Goal of the exercise:
Among the lines of data below, reproduce only those from the one with "정규반 vs 초단기 속성반 ?" through the one with "L'artiste a utilisé", exactly as they stand, both ends included.

Provided material:

-- -- --

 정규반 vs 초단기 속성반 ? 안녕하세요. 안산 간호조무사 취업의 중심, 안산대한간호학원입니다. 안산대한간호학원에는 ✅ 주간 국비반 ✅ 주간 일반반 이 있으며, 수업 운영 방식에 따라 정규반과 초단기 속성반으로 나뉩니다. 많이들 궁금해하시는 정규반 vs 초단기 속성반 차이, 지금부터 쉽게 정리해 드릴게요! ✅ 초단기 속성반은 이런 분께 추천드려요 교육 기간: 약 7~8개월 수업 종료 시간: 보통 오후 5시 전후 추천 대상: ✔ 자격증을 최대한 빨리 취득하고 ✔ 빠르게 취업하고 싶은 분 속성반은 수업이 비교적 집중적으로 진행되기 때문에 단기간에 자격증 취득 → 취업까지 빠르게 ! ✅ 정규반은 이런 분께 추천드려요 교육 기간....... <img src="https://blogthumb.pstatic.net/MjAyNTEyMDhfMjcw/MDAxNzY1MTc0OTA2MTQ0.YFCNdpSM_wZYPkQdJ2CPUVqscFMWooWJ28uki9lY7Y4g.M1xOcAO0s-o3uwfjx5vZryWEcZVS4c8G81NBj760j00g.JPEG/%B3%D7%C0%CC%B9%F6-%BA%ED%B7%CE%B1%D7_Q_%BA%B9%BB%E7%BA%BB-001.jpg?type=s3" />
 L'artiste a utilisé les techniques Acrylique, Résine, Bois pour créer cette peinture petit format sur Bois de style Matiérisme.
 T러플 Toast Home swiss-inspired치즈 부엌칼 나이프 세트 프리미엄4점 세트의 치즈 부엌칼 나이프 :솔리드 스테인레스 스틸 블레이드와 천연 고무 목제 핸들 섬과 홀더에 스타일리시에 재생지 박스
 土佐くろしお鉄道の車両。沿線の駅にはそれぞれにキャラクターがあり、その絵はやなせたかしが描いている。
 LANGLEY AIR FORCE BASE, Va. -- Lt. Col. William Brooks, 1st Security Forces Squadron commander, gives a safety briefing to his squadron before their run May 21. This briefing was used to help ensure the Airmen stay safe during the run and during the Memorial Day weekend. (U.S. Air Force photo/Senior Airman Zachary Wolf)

-- -- --

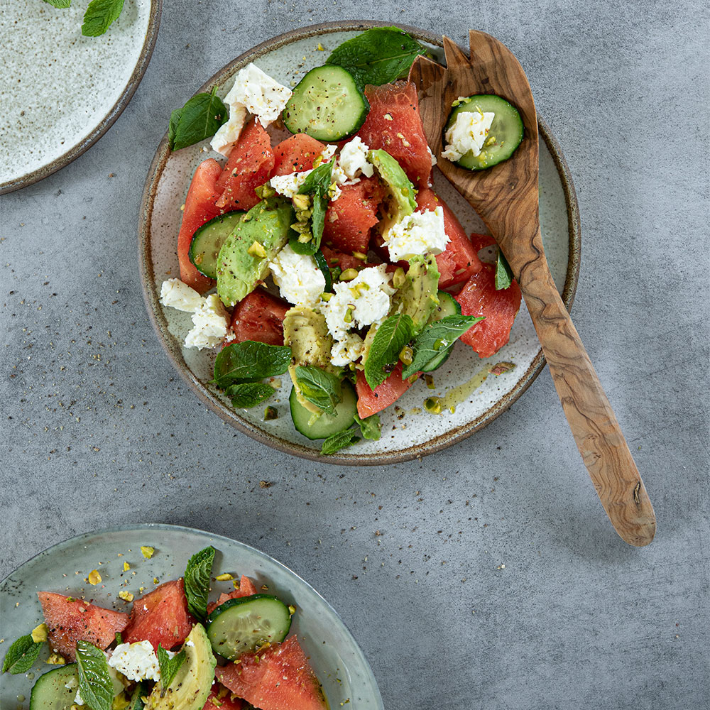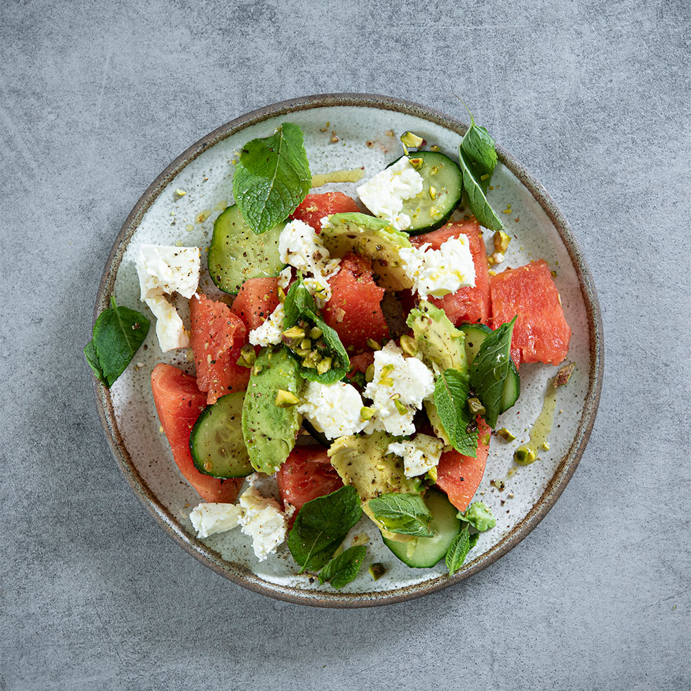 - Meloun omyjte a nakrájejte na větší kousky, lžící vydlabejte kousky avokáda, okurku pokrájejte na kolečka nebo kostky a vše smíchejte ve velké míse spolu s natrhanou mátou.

-- -- --

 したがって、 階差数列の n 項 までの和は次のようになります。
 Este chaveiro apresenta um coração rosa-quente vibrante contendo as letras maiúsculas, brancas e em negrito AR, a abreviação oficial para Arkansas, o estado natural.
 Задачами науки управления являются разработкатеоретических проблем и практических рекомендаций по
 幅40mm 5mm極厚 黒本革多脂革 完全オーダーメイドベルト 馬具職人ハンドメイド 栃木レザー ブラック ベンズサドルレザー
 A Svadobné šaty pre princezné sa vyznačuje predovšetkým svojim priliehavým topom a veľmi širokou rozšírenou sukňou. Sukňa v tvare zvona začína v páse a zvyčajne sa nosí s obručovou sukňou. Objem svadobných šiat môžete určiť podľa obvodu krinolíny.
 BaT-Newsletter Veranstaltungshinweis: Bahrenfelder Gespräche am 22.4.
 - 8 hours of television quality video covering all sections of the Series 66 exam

-- -- --

Answer to this task:
 정규반 vs 초단기 속성반 ? 안녕하세요. 안산 간호조무사 취업의 중심, 안산대한간호학원입니다. 안산대한간호학원에는 ✅ 주간 국비반 ✅ 주간 일반반 이 있으며, 수업 운영 방식에 따라 정규반과 초단기 속성반으로 나뉩니다. 많이들 궁금해하시는 정규반 vs 초단기 속성반 차이, 지금부터 쉽게 정리해 드릴게요! ✅ 초단기 속성반은 이런 분께 추천드려요 교육 기간: 약 7~8개월 수업 종료 시간: 보통 오후 5시 전후 추천 대상: ✔ 자격증을 최대한 빨리 취득하고 ✔ 빠르게 취업하고 싶은 분 속성반은 수업이 비교적 집중적으로 진행되기 때문에 단기간에 자격증 취득 → 취업까지 빠르게 ! ✅ 정규반은 이런 분께 추천드려요 교육 기간....... <img src="https://blogthumb.pstatic.net/MjAyNTEyMDhfMjcw/MDAxNzY1MTc0OTA2MTQ0.YFCNdpSM_wZYPkQdJ2CPUVqscFMWooWJ28uki9lY7Y4g.M1xOcAO0s-o3uwfjx5vZryWEcZVS4c8G81NBj760j00g.JPEG/%B3%D7%C0%CC%B9%F6-%BA%ED%B7%CE%B1%D7_Q_%BA%B9%BB%E7%BA%BB-001.jpg?type=s3" />
 L'artiste a utilisé les techniques Acrylique, Résine, Bois pour créer cette peinture petit format sur Bois de style Matiérisme.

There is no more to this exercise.